Prix Du Moulin Des Lettres 2020

PRIX DU MOULIN DES LETTRES 2020

Voici la sélection des titres, tous parus en 2019. Le jury s'est réuni le 10 juin dernier; après une soirée passionnante de discussions et d'argumentation, il a fini par choisir le roman de l'allemande Alina Bronsky qui succède ainsi à celui d' Alaa El Aswany, "J'ai couru vers le Nil".
Les deux romans qui ont été choisis ensuite et sont arrivés ex aequo sont "San Perdido" (qui vient de sortir en poche) et "La maison allemande" qui ont remporté également un grand succès. J'ai chroniqué certains titres, vous pourrez lire ces chroniques sur le site.
Bonne découverte et belles lectures!

LE DERNIER AMOUR DE BABA DOUNIA

Bronsky Alina

Actes Sud

17,50

San Perdido / roman
8,40

Un matin de printemps, dans la décharge à ciel ouvert de San Perdido, petite ville côtière du Panamá aussi impitoyable que colorée, apparaît un enfant noir aux yeux bleus. Un orphelin muet qui n'a pour seul talent apparent qu'une force singulière dans les mains.
Il va pourtant survivre et devenir une légende. Venu de nulle part, cet enfant mystérieux au regard magnétique endossera le rôle de justicier silencieux au service des femmes et des opprimés et deviendra le héros d'une population jusque-là oubliée de Dieu.

Un grand livre romanesque gorgé de souffle, d’aventure, de cœur, de sensualité et de dépaysement. Une histoire comme on n’en écrit pas assez aujourd’hui. Bernard Lehut, RTL.

Un premier roman qui caracole avec enthousiasme au milieu d’un décor rutilant. Christine Ferniot, Télérama.
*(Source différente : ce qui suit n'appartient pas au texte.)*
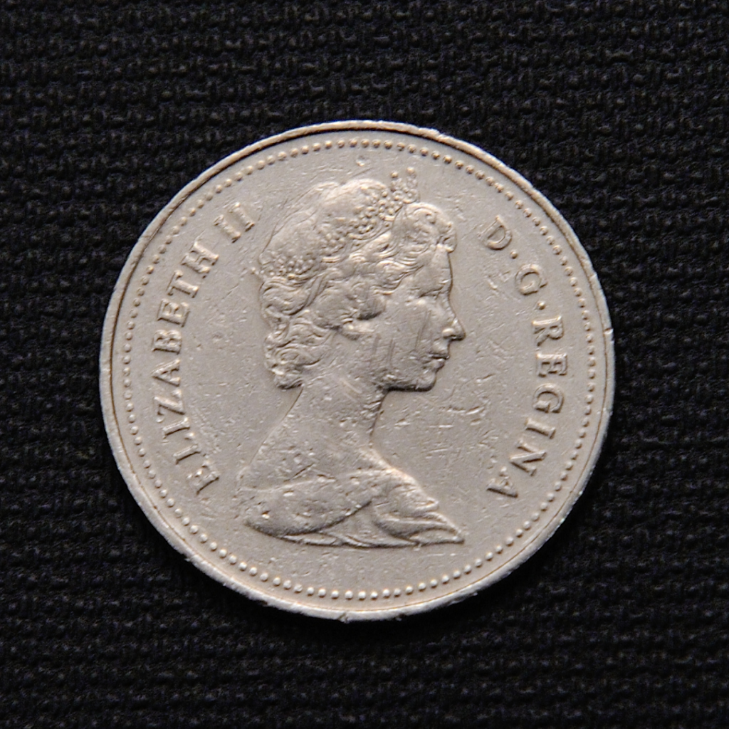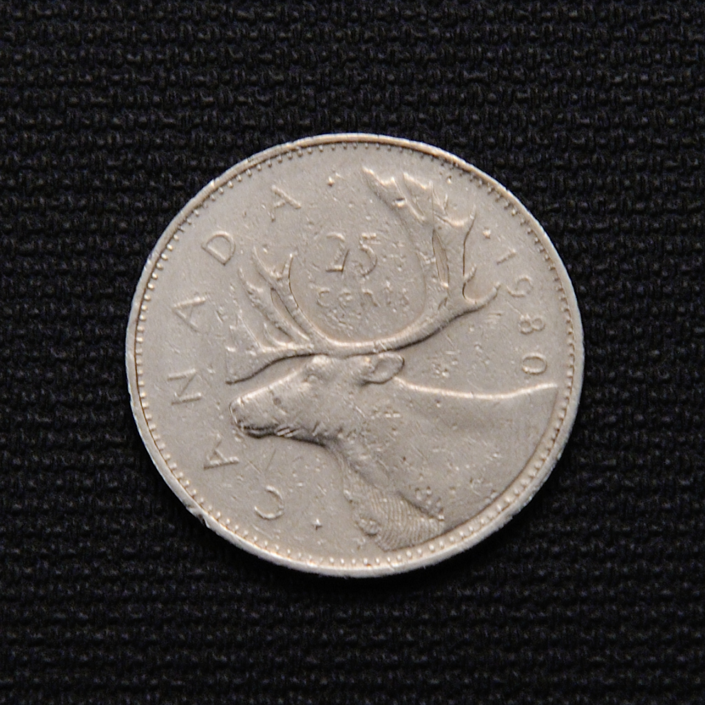 The Canadian 25-cent coin minted in 1980 is a small, circular piece made primarily of nickel, weighing 5.07 grams with a diameter of 23.88 mm and a reeded edge. The obverse features a right-facing bust of Queen Elizabeth II wearing a tiara, designed by Arnold Machin, while the reverse displays the classic caribou head by Emanuel Hahn, both designs reflecting Canada’s tradition in coin imagery. Issued by the Royal Canadian Mint for circulation, this coin is magnetic and its edge orientation is ↑↑ (medal alignment); over 76 million were minted in 1980, making it widely available but prized by collectors in high grades.
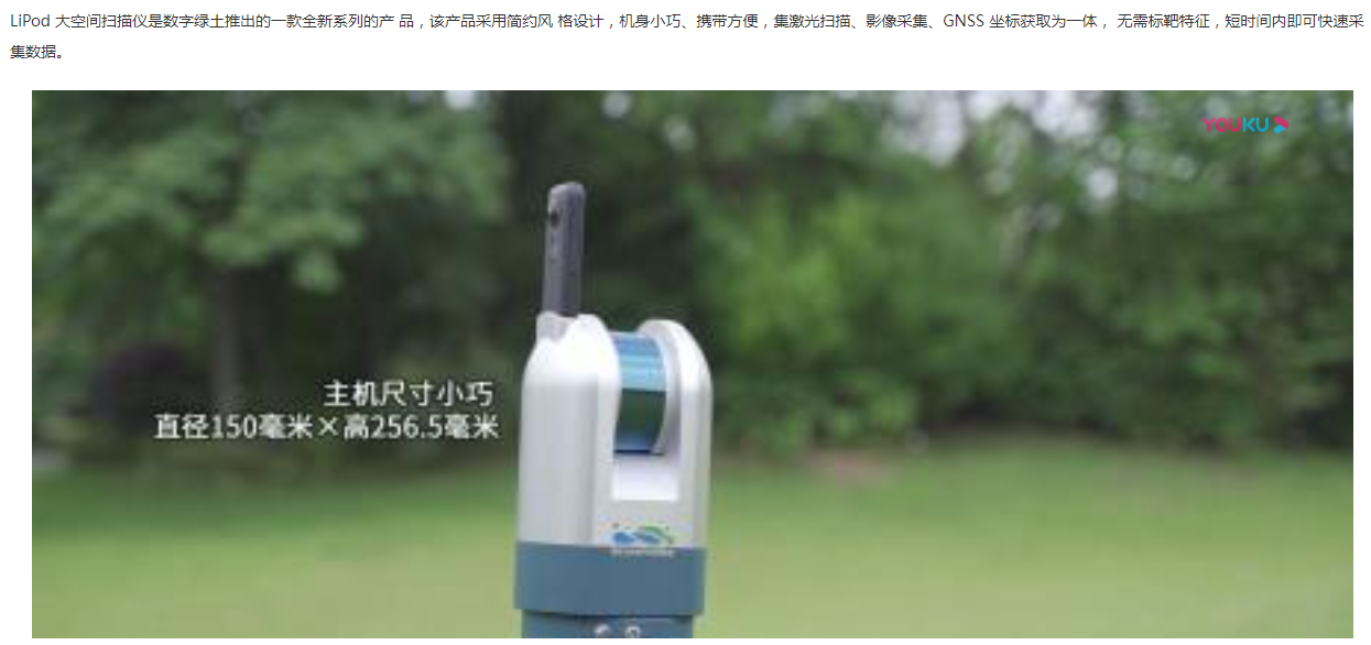 產品描述:LiPod 大空間掃描儀是數字綠土推出的一款全新系列的產 品,該產品采用簡約風 格設計,機身小巧、攜帶方便,集激光掃描、影像采集、GNSS 坐標獲取為一體, 無需標靶特征,短時間內即可快速采集數據。

Du plaisir à l'état pur. Nicole Grundlinger, Motpourmots.fr.


La maison allemande
23,00

Francfort, au début des années 1960. Eva Bruhns est une jeune femme sans histoire : interprète du polonais, elle est requise pour traduire les dépositions de témoins au second procès d’Auschwitz qui vient de s'ouvrir afin de traduire en justice les crimes de dignitaires nazis. Si elle voit d'abord dans ce travail l'occasion de conquérir une autonomie financière inédite, les révélations auxquelles le procès la confrontent ne tardent pas à la bouleverser… Un beau roman sur le blocage mémorial dans l'Allemagne d'après-guerre et le difficile apprivoisement par la génération suivante d'une mémoire traumatique, mené avec une souplesse très cinématographique, mais qui dresse aussi avec empathie et justice le portrait d'une jeune fille des années 1960, de sa délicate entrée dans l'âge adulte et de la construction patiente de son individualité.


Ceux qui partent
21,00

Ils sont une poignée, Ceux qui partent, au cœur de la foule qui débarque du bateau sur Ellis Island, porte d’entrée de l’Amérique et du XXe siècle. Jeanne Benameur orchestre cette ronde nocturne où chacun tente de trouver la forme de son propre exil et d’inventer dans son corps les fondations de son pays intime. Où l’arrachement se fait libération – envol.
Où l'auteur de Profanes et des Demeurées signe son premier grand roman américain.


Murène
21,80

Hiver 1956. Dans les Ardennes, François, un jeune homme de vingt-deux ans, s’enfonce dans la neige, marche vers les bois à la recherche d’un village. Croisant une voie ferrée qui semble désaffectée, il grimpe sur un wagon oublié… Quelques heures plus tard une enfant découvre François à demi mort – corps en étoile dans la poudreuse, en partie calciné.
Quel sera le destin de ce blessé dont les médecins pensent qu’il ne survivra pas ? À quelle épreuve son corps sera-t-il soumis ? Qu’adviendra-t-il de ses souvenirs, de son chemin de vie alors que ses moindres gestes sont à réinventer, qu’il faut passer du refus de soi au désir de poursuivre ?

Murène s’inscrit dans cette part d’humanité où naît la résilience, ce champ des possibilités humaines qui devient, malgré les contraintes de l’époque – les limites de la chirurgie, le peu de ressources dans l’appareillage des grands blessés –, une promesse d’échappées. Car bien au-delà d’une histoire de malchance, ce roman est celui d’une métamorphose qui nous entraîne, solaire, vers l’émergence du handisport et jusqu’aux Jeux paralympiques de Tokyo en 1964.